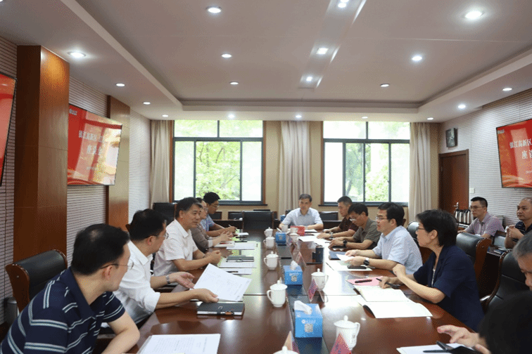 润州工业园区管委会主任、高新区科技发展局局长陈俊汇报了重点实验室创建等“双高协同”试点工作推进情况和下一步重点事项;学校有关部门负责人汇报了高端装备领域重点项目合作等“双高协同”试点工作落实情况。
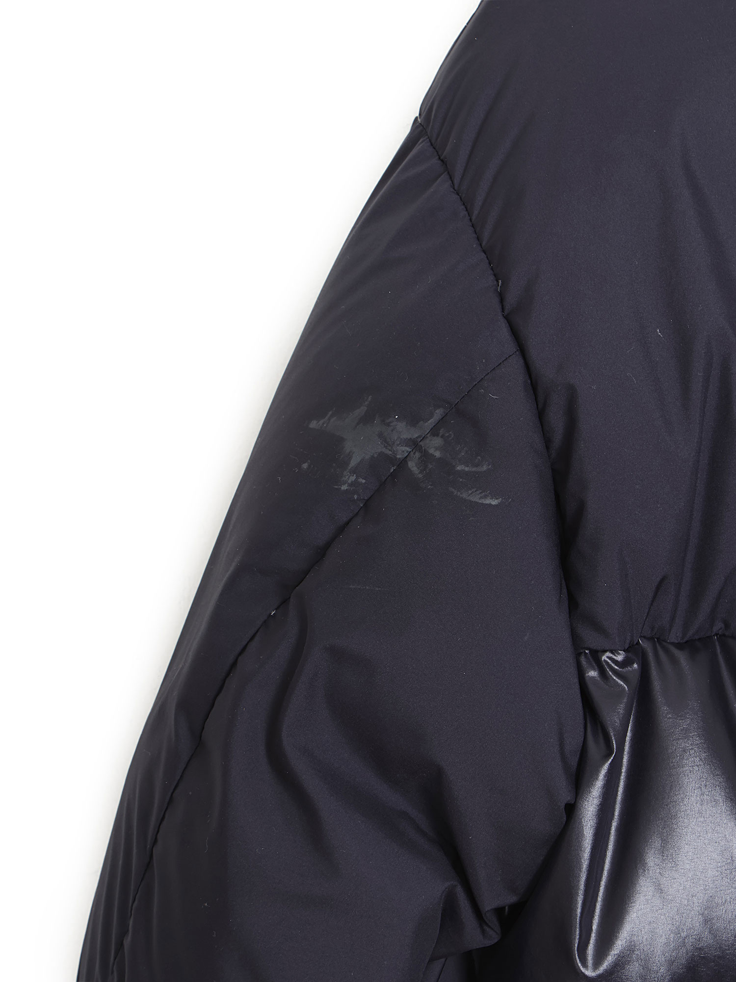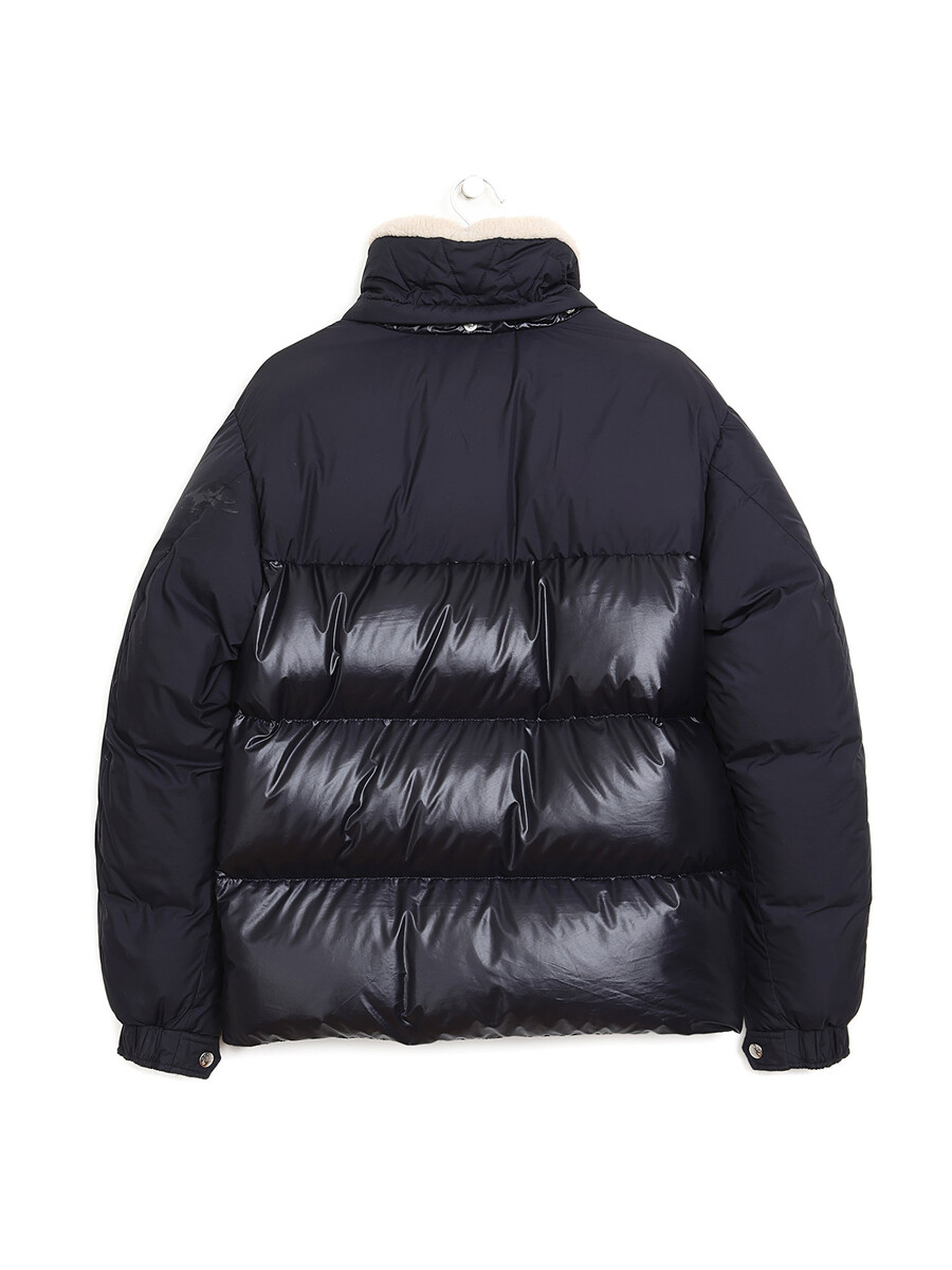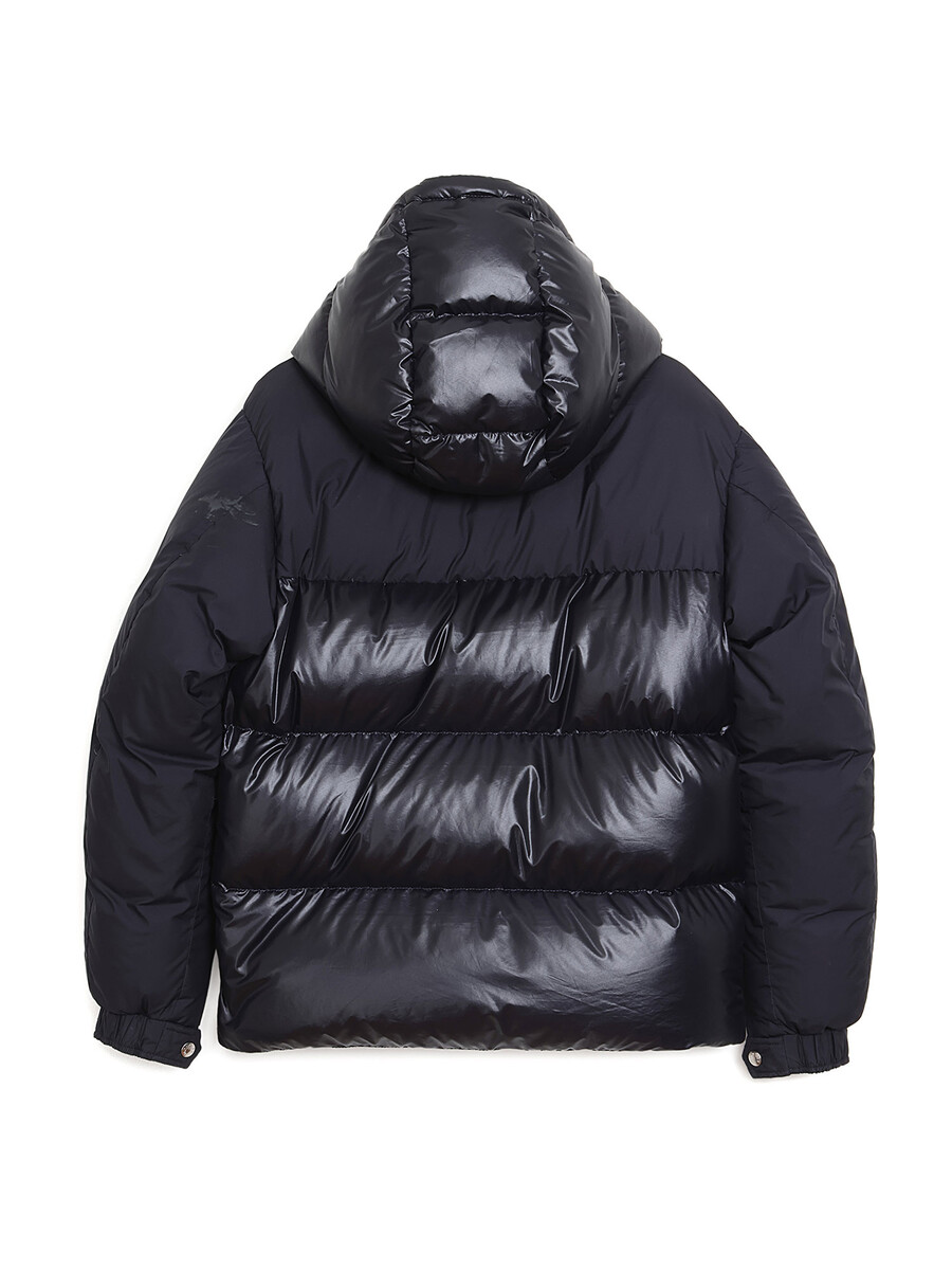 Black quilted down coat with front zipper closure and black pull tab. Integrated hood with fleece lining. Two front flap pockets.
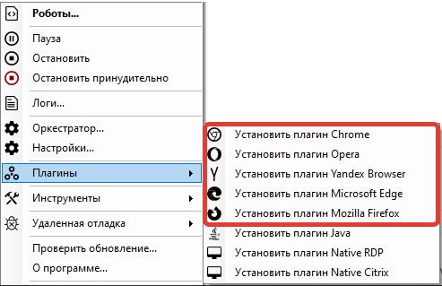 To choose the plugin you want to install, right-click on the icon ![](https://3199517203-files.gitbook.io/~/files/v0/b/gitbook-x-prod.appspot.com/o/spaces%2F4mXXYsqBuhj7RyX6Y4Yw%2Fuploads%2Fgit-blob-c8272222bd879233a05a3452716d274a2981e8a5%2F%D0%B8%D0%B7%D0%BE%D0%B1%D1%80%D0%B0%D0%B6%D0%B5%D0%BD%D0%B8%D0%B5%20\(63\).png?alt=media) in the tray, select "Plugins" from the context menu, and then choose the desired plugin:
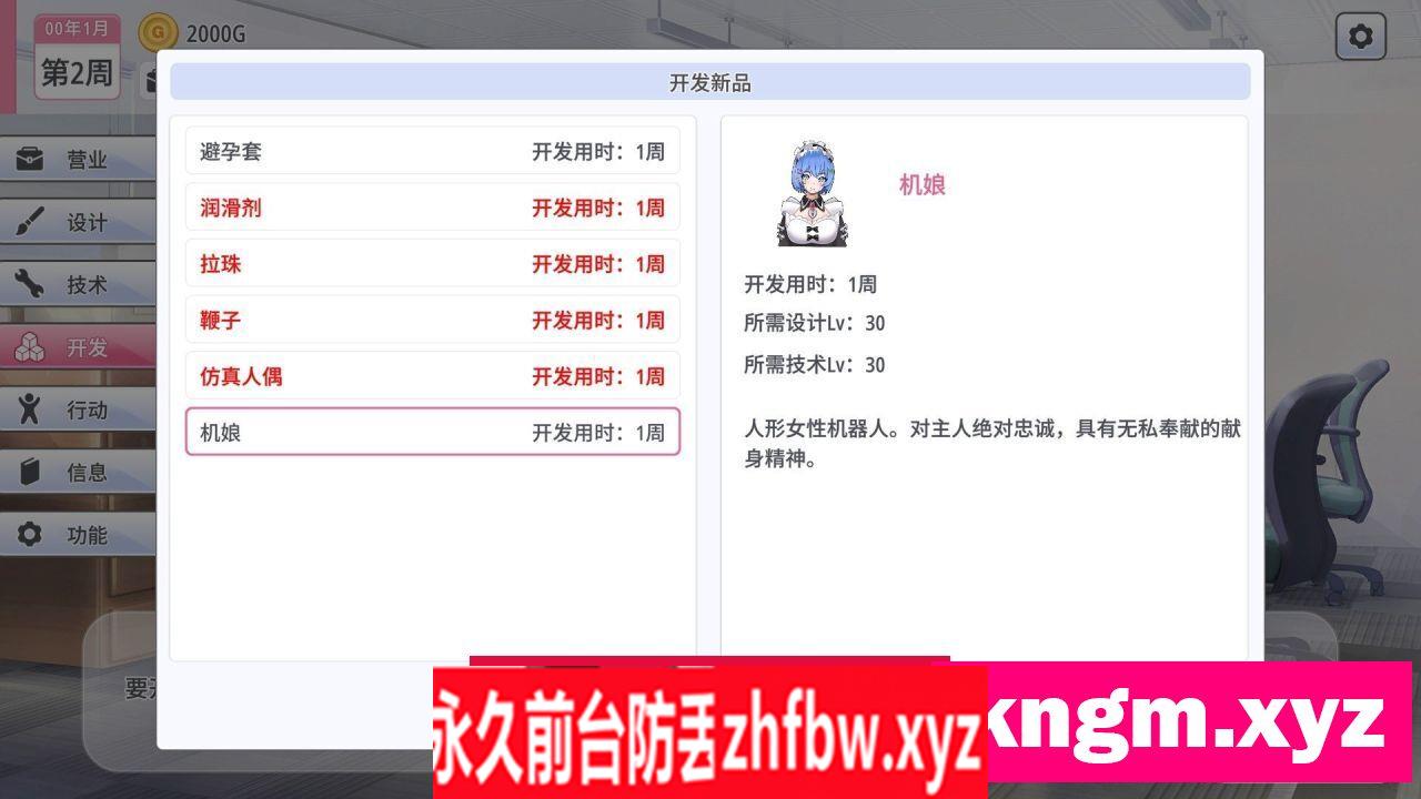 执行命令: 通过点击左键鼠标按钮执行每个命令。 如何玩: 1. 通过点击鼠标,可以提升销售、设计和技术的各个层次。 2. 当你进入开发菜单时,你可以开发新的成人产品。 3. 开发的产品会自动交付并产生利润。 * 战胜条件 当在每月结算中记录财务赤字时

· · · · ·

## [Assignment]
Print every line of the material exactly as written, but drop the pictures.

## [Result for this exercise]
 润州工业园区管委会主任、高新区科技发展局局长陈俊汇报了重点实验室创建等“双高协同”试点工作推进情况和下一步重点事项;学校有关部门负责人汇报了高端装备领域重点项目合作等“双高协同”试点工作落实情况。
 Black quilted down coat with front zipper closure and black pull tab. Integrated hood with fleece lining. Two front flap pockets.
 To choose the plugin you want to install, right-click on the icon ![](https://3199517203-files.gitbook.io/~/files/v0/b/gitbook-x-prod.appspot.com/o/spaces%2F4mXXYsqBuhj7RyX6Y4Yw%2Fuploads%2Fgit-blob-c8272222bd879233a05a3452716d274a2981e8a5%2F%D0%B8%D0%B7%D0%BE%D0%B1%D1%80%D0%B0%D0%B6%D0%B5%D0%BD%D0%B8%D0%B5%20\(63\).png?alt=media) in the tray, select "Plugins" from the context menu, and then choose the desired plugin:
 执行命令: 通过点击左键鼠标按钮执行每个命令。 如何玩: 1. 通过点击鼠标,可以提升销售、设计和技术的各个层次。 2. 当你进入开发菜单时,你可以开发新的成人产品。 3. 开发的产品会自动交付并产生利润。 * 战胜条件 当在每月结算中记录财务赤字时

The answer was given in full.